Development of tumor heterogeneity is a crucial hallmark of carcinogenesis that has been shown to be associated with tumor aggressiveness and therapy resistance. Tumors are comprised of genetically, epigenetically, metabolically and, in general, phenotypically-distinct cancer cells, and the heterogeneity of human tumors crosses all these scales. This is particularly true in many solid tumors including glioblastomas (GBM), the most common and aggressive primary brain tumor. These tumors are highly heterogeneous at the mutational level, showing highly branched evolutionary patterns in which 61% of patients experience expression-based subtype changes.

Raul Rabadan and Antonio Iavarone, Columbia University PSOC, will study the role of inter-cellular heterogeneity in cancer progression and therapy resistance in glioblastomas. Vadim Backman, Chicago-area PSOC, will study the role of intra-cellular (chromatin and genomic) heterogeneity above the nucleosomal level (20-200 nm) as a key event in early carcinogenesis using a novel nanoscale-sensitive biophotonics technology, nanocytometry. The project will leverage the methods of bioengineering, computational genomics and molecular biology.

 


YEAR 02

Mechanobiological Control of Aneuploidy during Chromosome Segregation

Investigators: John Marko, PhD, Chicago Region PS-OC; Andrea J. Liu, PhD, University Pennsylvania PS-OC

Chromosomal instability (CIN) is one of the major hallmarks of cancer. However, the role and mechanisms of chromosomal number variation, or aneuploidy, is less understood than intrachromosomal variability that arises from insertions, deletions and mutations. Interestingly, aneuploidy is exceptionally common in nearly all cancers and also correlates significantly with cancerous pre-disposition. Since aneuploidy is expected to arise during cell division, understanding the biophysical and molecular mechanisms that cause aneuploidy during chromosome segregation will provide insight into CIN.

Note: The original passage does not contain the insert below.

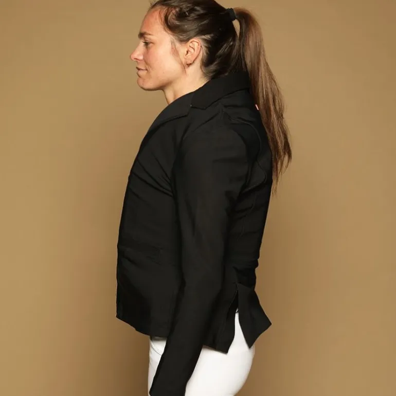 La veste de concours Jinger GEM signe le retour d’un modèle iconique de la marque, désormais compatible avec le port d’un gilet airbag d’équitation.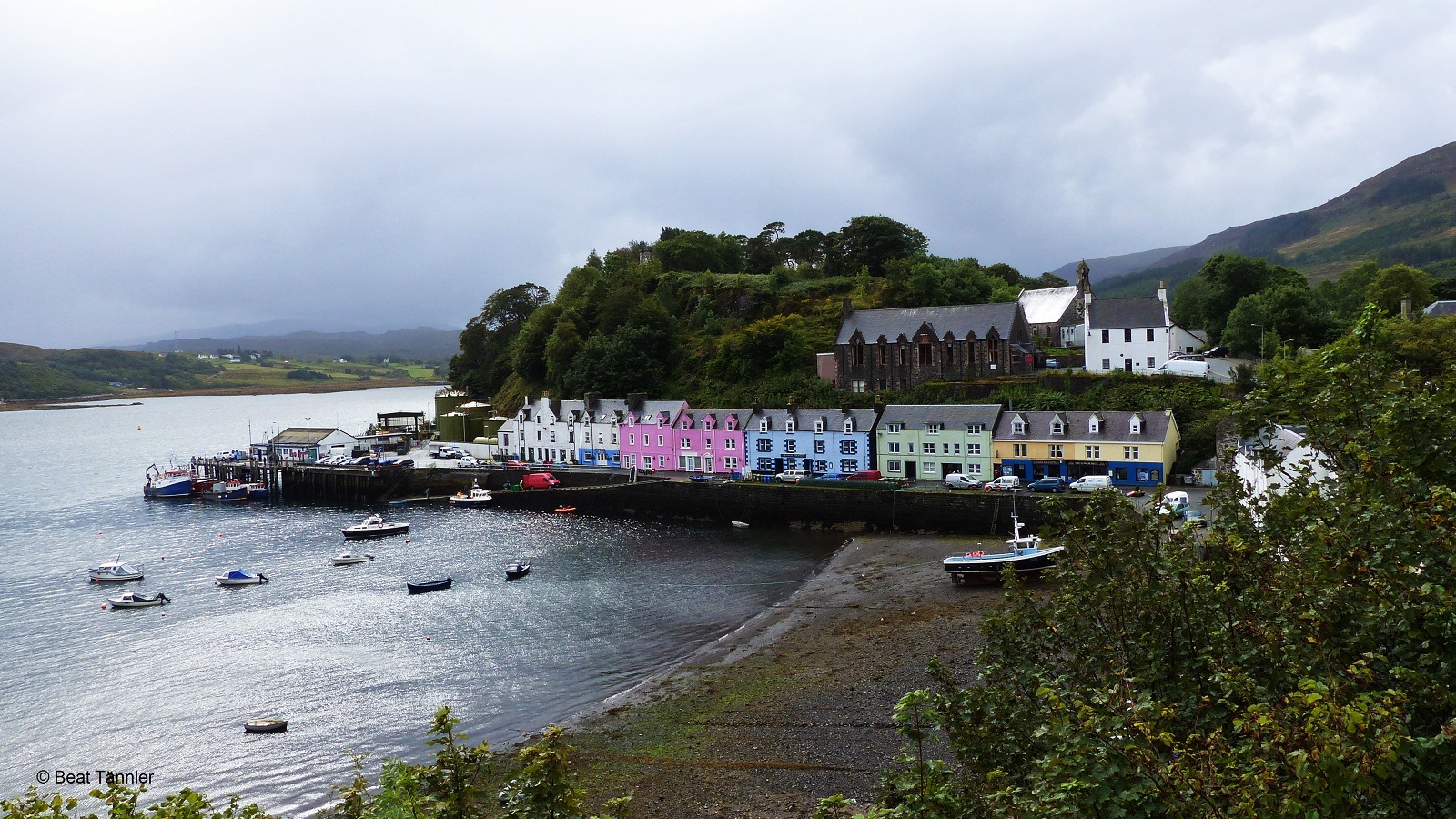 Wir fahren auf die Isle of Skye, die zu den Inneren Hebryden zählt, und spazieren durch Portree. Am Pier sind die Häuser bunt gestrichen. Dadurch wirkt der schlichte Hafen malerisch.

To address these questions of how mechanical factors can drive aneuploidy, this project combines expertise from the Marko (NU) group on chromosomal structure and mechanics and the Liu group (UPenn) on the role of mechanics in cell biology on subcellular to tissue scales. We will develop theoretical models of the mitotic spindle that incorporate key chromosome-MT mechanics and dynamics. The first aim of the proposed research builds upon a previous collaboration between NU and UPenn, in order to develop a theoretical/computational model of spindle K fiber dynamics and mechanics that can accurately describe mechanobiological mechanisms of aneuploidy during mitosis. The second aim is to theoretically understand the effects of microenvironment mechanics on the structure and dynamics of the mitotic spindle using a quantitatively accurate active liquid crystal model.